Content starts
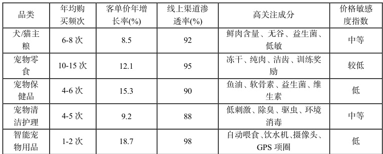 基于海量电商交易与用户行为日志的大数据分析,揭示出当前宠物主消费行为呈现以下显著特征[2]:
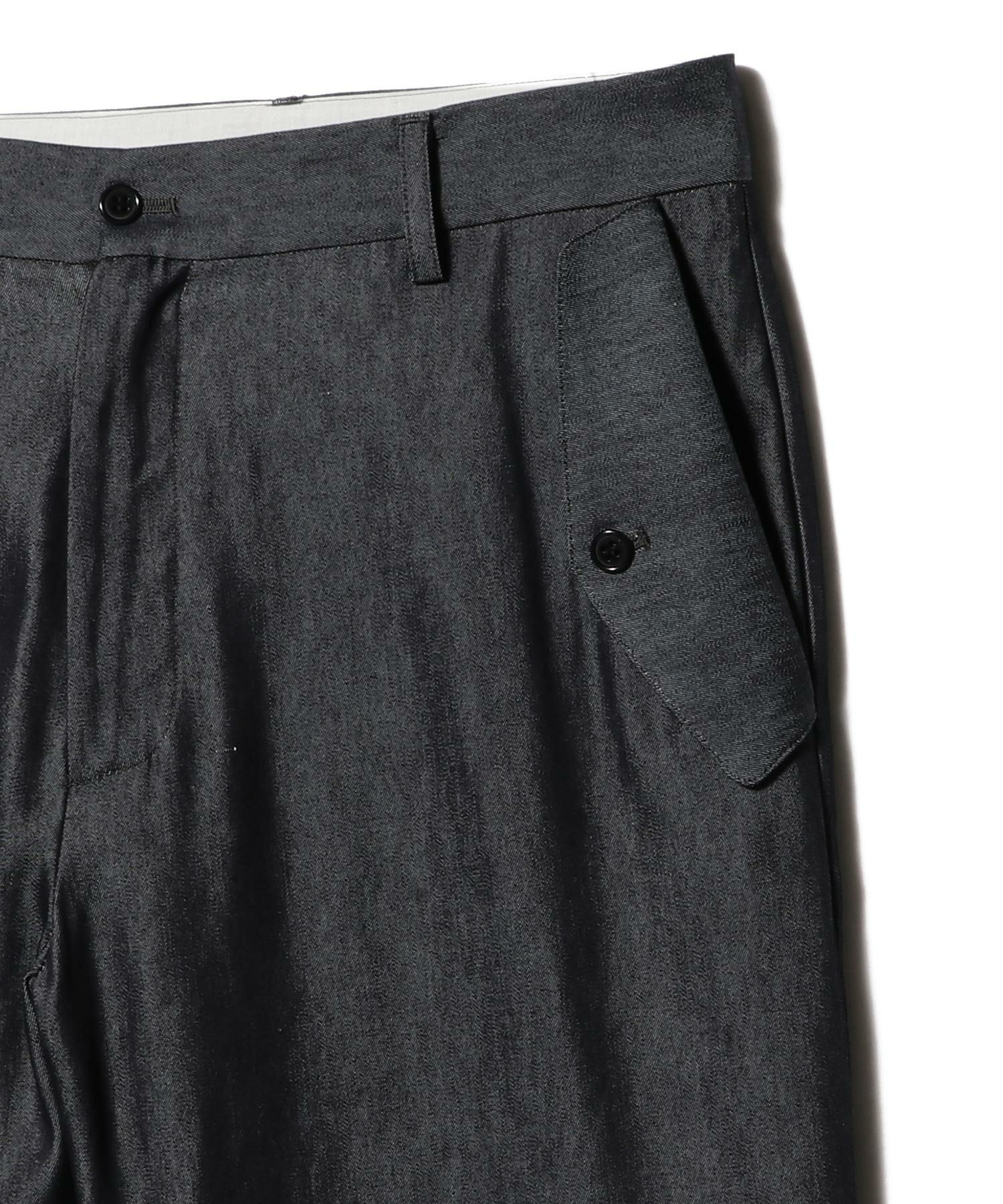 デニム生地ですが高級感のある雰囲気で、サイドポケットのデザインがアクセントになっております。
Content ends
Content starts
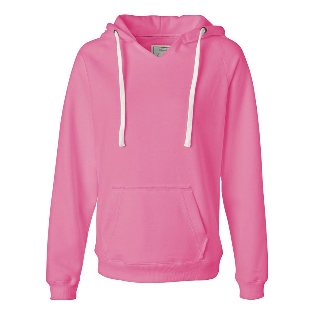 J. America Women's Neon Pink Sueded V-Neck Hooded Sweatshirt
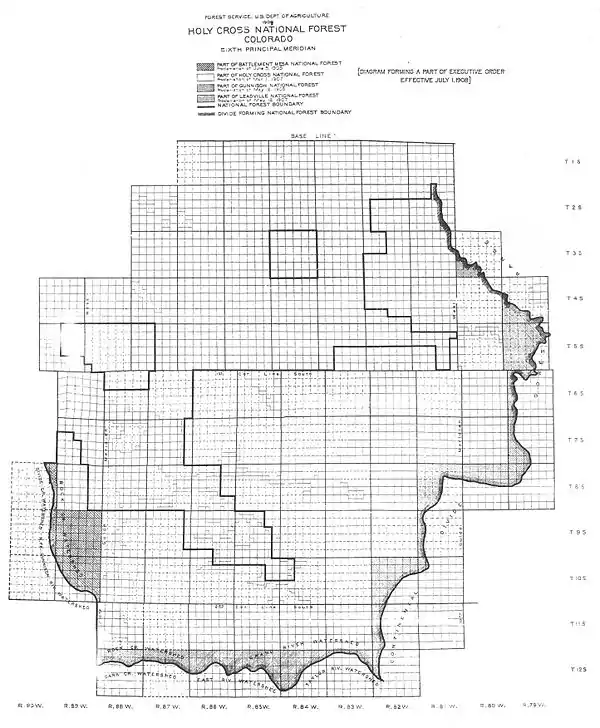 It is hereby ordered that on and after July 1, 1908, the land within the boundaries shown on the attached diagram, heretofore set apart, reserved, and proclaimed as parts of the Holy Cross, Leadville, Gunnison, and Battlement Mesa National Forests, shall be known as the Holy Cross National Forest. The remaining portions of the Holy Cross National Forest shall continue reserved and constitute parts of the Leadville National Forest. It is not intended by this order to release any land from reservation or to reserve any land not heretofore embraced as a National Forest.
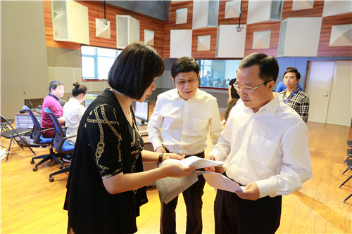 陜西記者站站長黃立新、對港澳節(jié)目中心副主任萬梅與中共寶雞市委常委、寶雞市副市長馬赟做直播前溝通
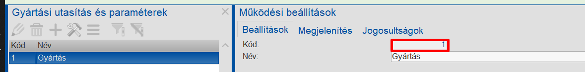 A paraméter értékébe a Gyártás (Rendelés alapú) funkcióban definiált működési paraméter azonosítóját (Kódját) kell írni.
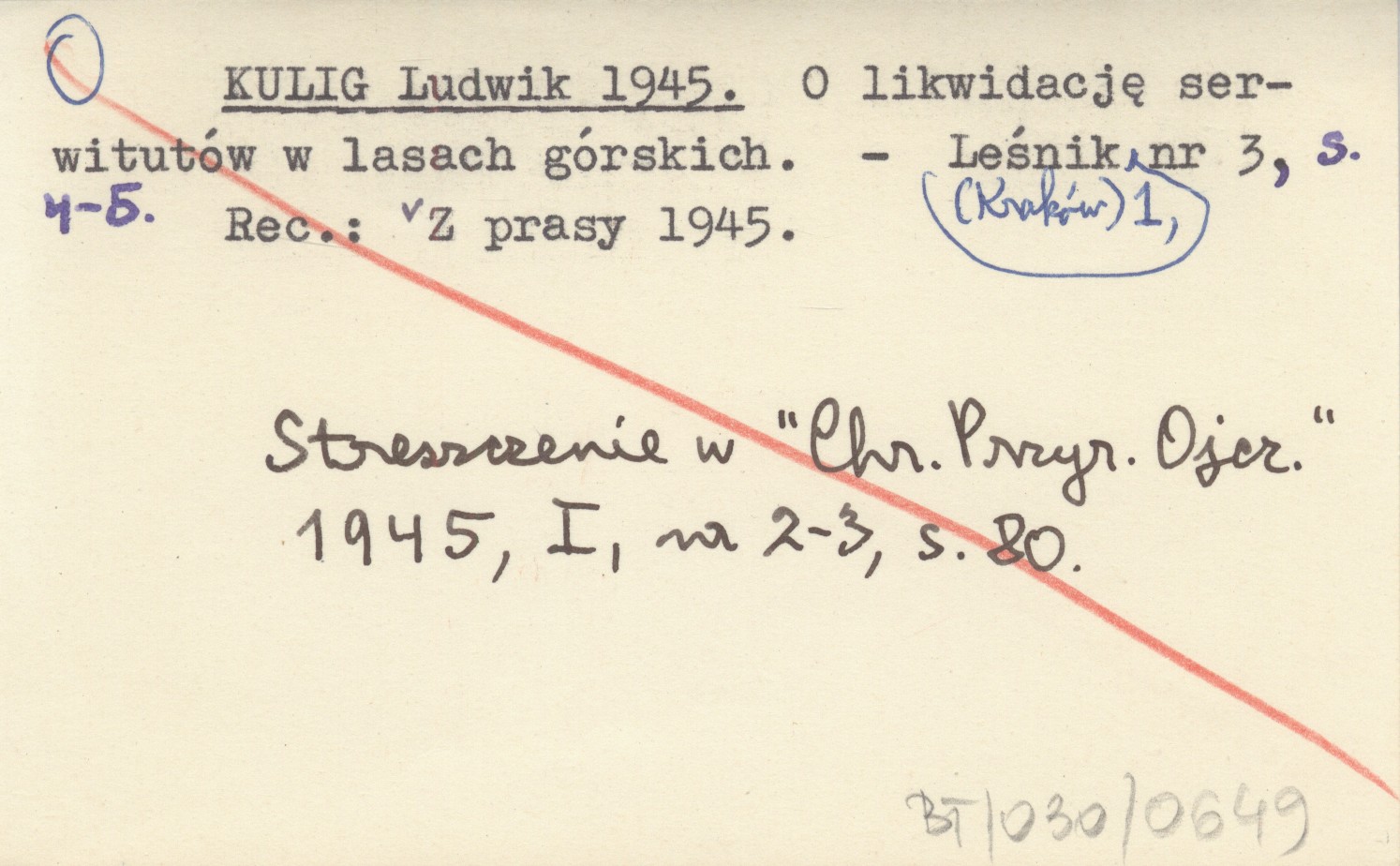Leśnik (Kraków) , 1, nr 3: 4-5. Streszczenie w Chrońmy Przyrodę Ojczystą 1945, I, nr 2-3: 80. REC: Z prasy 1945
Content ends
** ASSIGNMENT **
An exact copy is needed of the stretch above that opens with the line containing "It is hereby" and closes with the line containing "A paraméter értékébe"; the pictures are not part of it.

** ANSWER SPACE **
 It is hereby ordered that on and after July 1, 1908, the land within the boundaries shown on the attached diagram, heretofore set apart, reserved, and proclaimed as parts of the Holy Cross, Leadville, Gunnison, and Battlement Mesa National Forests, shall be known as the Holy Cross National Forest. The remaining portions of the Holy Cross National Forest shall continue reserved and constitute parts of the Leadville National Forest. It is not intended by this order to release any land from reservation or to reserve any land not heretofore embraced as a National Forest.
 陜西記者站站長黃立新、對港澳節(jié)目中心副主任萬梅與中共寶雞市委常委、寶雞市副市長馬赟做直播前溝通
 A paraméter értékébe a Gyártás (Rendelés alapú) funkcióban definiált működési paraméter azonosítóját (Kódját) kell írni.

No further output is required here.